When I was a teenager I was pretty quiet about my DS interest because most people from my generation seemed kind of clueless in Jr. high/High School. I figured they wouldn't "get" DS or understand or care about it.
Nowadays I'm open about my interests. Heck, I recently wore a Barnabas babydoll T-shirt to a rockabilly/psychobilly concert. I made the shirt myself out of the Basil Gogos
Famous Monsters cover painting. Several of the people at the concert recognized the character and eagerly complimented me on the shirt.
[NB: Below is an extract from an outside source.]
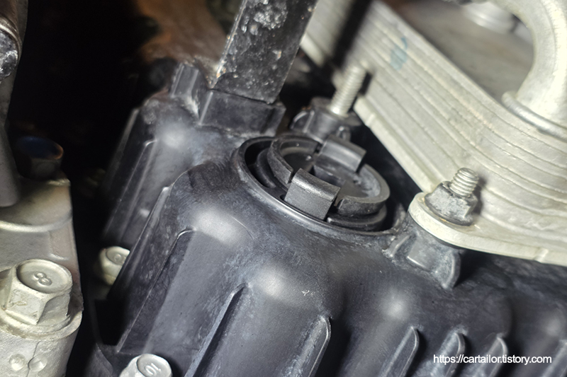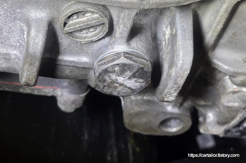 언더커버를 탈거 후, 기존 미션오일을 배출합니다.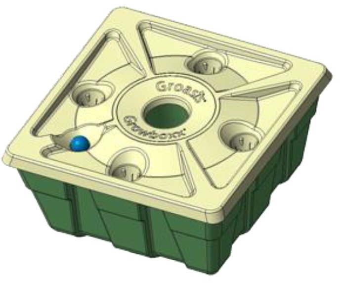 La tecnología Growboxx (Figura 18) también producida por Groasis, fue introducida al proyecto en octubre del 2020. Es una caja cuadrada con un hueco en la mitad, fabricado con pulpa de papel reciclado y puede ser usado para sembrar una sola vez. Se la coloca alrededor de un árbol joven, pero tiene 4 pequeños agujeros en la tapa donde se pueden colocar tierra y semillas para germinarlas hidropónicamente en el agua almacenada en la Growboxx.

Most folks I've talked to who are familiar with the show think it's pretty cool, at the very least in premise if they hadn't actually seen it. One friend, however, razzed me pretty viciously about DS a couple of years ago, saying the episodes made no sense and that the show was "old," "cheesy," "kind of stupid" and that it "sucks." Of course, these nasty remarks (meant to irritate me no doubt) succeeded only in making my Portuguese temper flare. Thus, I countered with my own derogatory references to his strong interests in juvenile one-dimesional teenybopper fare regarding some goofy, vapid valley girl who slays vampires, and a derivative yawn-inducing program about some moronic warrior woman (It was said partly in..uh..
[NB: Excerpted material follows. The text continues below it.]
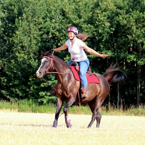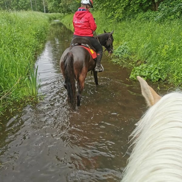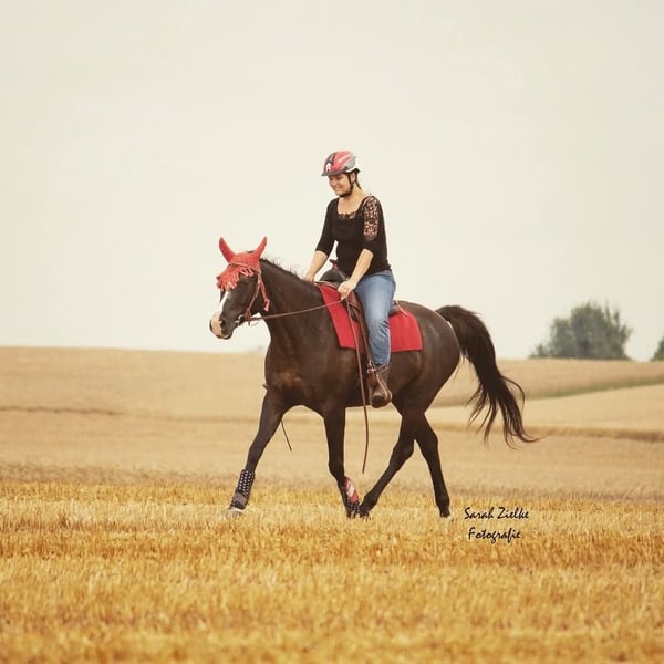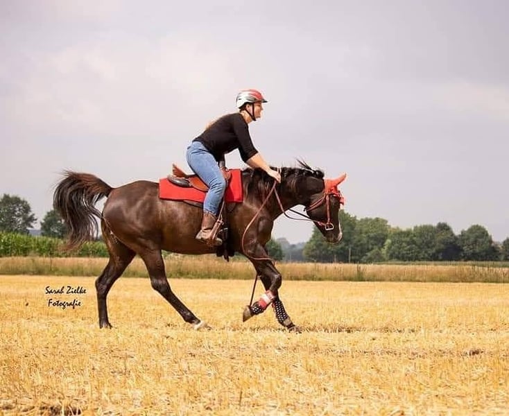 Westerngerittenes Arabisches Vollblut, das vor allem eines liebt: gemeinsam mit seinem Menschen die Welt zu entdecken. Stundenlange Ausritte durchs Gelände sind genau sein Ding – ruhig, neugierig und mit einem großen Herzen bei der Sache. Ob alleine oder in Gesellschaft, er genießt jede Minute draußen. Doch nicht nur im Sattel ist er ein Schatz. Bodenarbeit und Freiarbeit machen ihm genauso viel Freude. Er ist aufmerksam, verspielt und unglaublich feinfühlig – oft eher wie ein großer Hund als ein Pferd. Er sucht die Nähe, liebt die gemeinsame Zeit und baut eine enge Bindung zu seinem Menschen auf. Seit seinem zweiten Lebensjahr ist er bei mir und wurde stets mit viel Liebe und Geduld begleitet. Er ist brav beim Tierarzt, beim Schmied und lässt sich problemlos verladen – einsteigen, losfahren, ankommen und gemeinsam Spaß haben ist für ihn ganz selbstverständlich. Er hört fein auf Stimme und Gewichtsverlagerung, ist motiviert und für jeden Spaß zu haben. Gleichzeitig ist er sensibel und braucht einen Menschen, der ihm Sicherheit gibt, ihn versteht und ihm mit Ruhe und Klarheit begegnet. Aktuell ist er einer Bekannten für den Distanzsport zur Verfügung gestellt.(55758) Im Rahmen von intensivem Training ist aufgefallen, dass er bei hoher Belastung unregelmäßig für kurze Momente taktunklar läuft. Im Alltag und bei normaler Beanspruchung zeigt er sich jedoch unauffällig und gesund. Mir ist es wichtig, das offen zu kommunizieren – denn er verdient einen Platz, an dem er so angenommen wird, wie er ist. Am vergangenen Osterwochenende lief er seinen zweiten Distanzritt bei dem er mit sehr guter Bewertung durch die Tierarztkontrolle kam. Sein Gang wurde lediglich als "Spezial Move" betitelt. Ich wünsche mir für ihn einen Menschen, der sein großes Herz zu schätzen weiß, ihm Sicherheit gibt und ihn nicht nur als Reitpferd sieht, sondern als treuen Partner. Er ist kein „Pferd von der Stange“. Er ist etwas ganz Besonderes. Er ist absolut sozial und kam bis jetzt immer sehr gut mit allen Pferden aus. . Er möchte etwas tun und ist kein Pferd für nur mal am Wochenende gemütlich im Schritt um den Block. Bei genügend Förderung aber keiner Überforderung ist er ein absoluter toller und cooler Partner und geht mit seinen Menschen durch dick und dünn. Auf Kursen und Ausflügen war er immer ein absolutes Verlasspferd. Er zeigt keine Unarten wie beißen, steigen oder Buckeln. In den letzten drei Jahren haben wir den Fokus im Sattel mehr auf das Gelände als auf die Platzarbeit gelegt. Dementsprechend ist er da etwas eingerostet im Thema Gymnastizierung. Vom Boden aus habe ich ihn natürlich weiterhin sehr gefördert. Vom Boden aus ist er ein richtiges Vorzeigepferd in Thema Freiarbeit und Bodenarbeit. Dies bereitet ihm auch sehr viel Freude. Sehr begabt war er früher auch in der Trailarbeit. Dort sehe ich auch Potenzial. Als reines Anfängerpferd würde ich ihn nicht sehen. Unser Gelände ist sehr steinig und er hatte deswegen die letzten Jahre immer Hufschuhe und jetzt zum Schluss Duplos. Ich gebe ihn aufgrund von Lebensverändernden Umständen schweren Herzens ab. Weder Händler noch Reitvereine bekommen ihn. Er ist ein Pferd für einen, maximal 2 Menschen und verdient es ein für immer zu Hause zu bekommen. Im Umgang mit meiner kleinen Tochter war er lieb, aber als Kinderpony sehe ich ihn nicht. Charakterlich ist er ein absoluter Schatz.Sanft, mutig, sehr sozial und immer bemüht, alles richtig zu machen. Er reagiert auf feinste Hilfen und ist dabei ehrlich und klar im Kopf. Wunschzuhause: Offenstall oder sehr bewegungsfreundliche Haltung mit freiem Zugang zum Heu und einer eher kleineren Gruppe. Aber auch mit Box über Nacht und ganz viel Auslauf kommt er gut klar. Weniger als 6 Stunden Auslauf am Tag reichen ihm jedoch nicht. Wenn du auf der Suche nach einem besonderen Pferd mit viel Potenzial und Herz bist, freue ich mich sehr über deine Nachricht.

self defense, so please don't kill me Buffy and Xena fans). He got
really[/i] mad at that point and actually started shouting "Hey!! Why do you have to talk **** about Xena and Buffy?!!! What the **** does that have to do with anything?!!!" He was really POed! It seriously could have been a scene out of a Kevin Smith movie or something.
Once this War of Dorkiness subsided a few minutes later, we were both cracking up for geting so ridiculously peevish about our respective fave TV shows, and we hugged and made up. Hey, at this point my friends should know better than to diss DS when I'm around! He deserved it.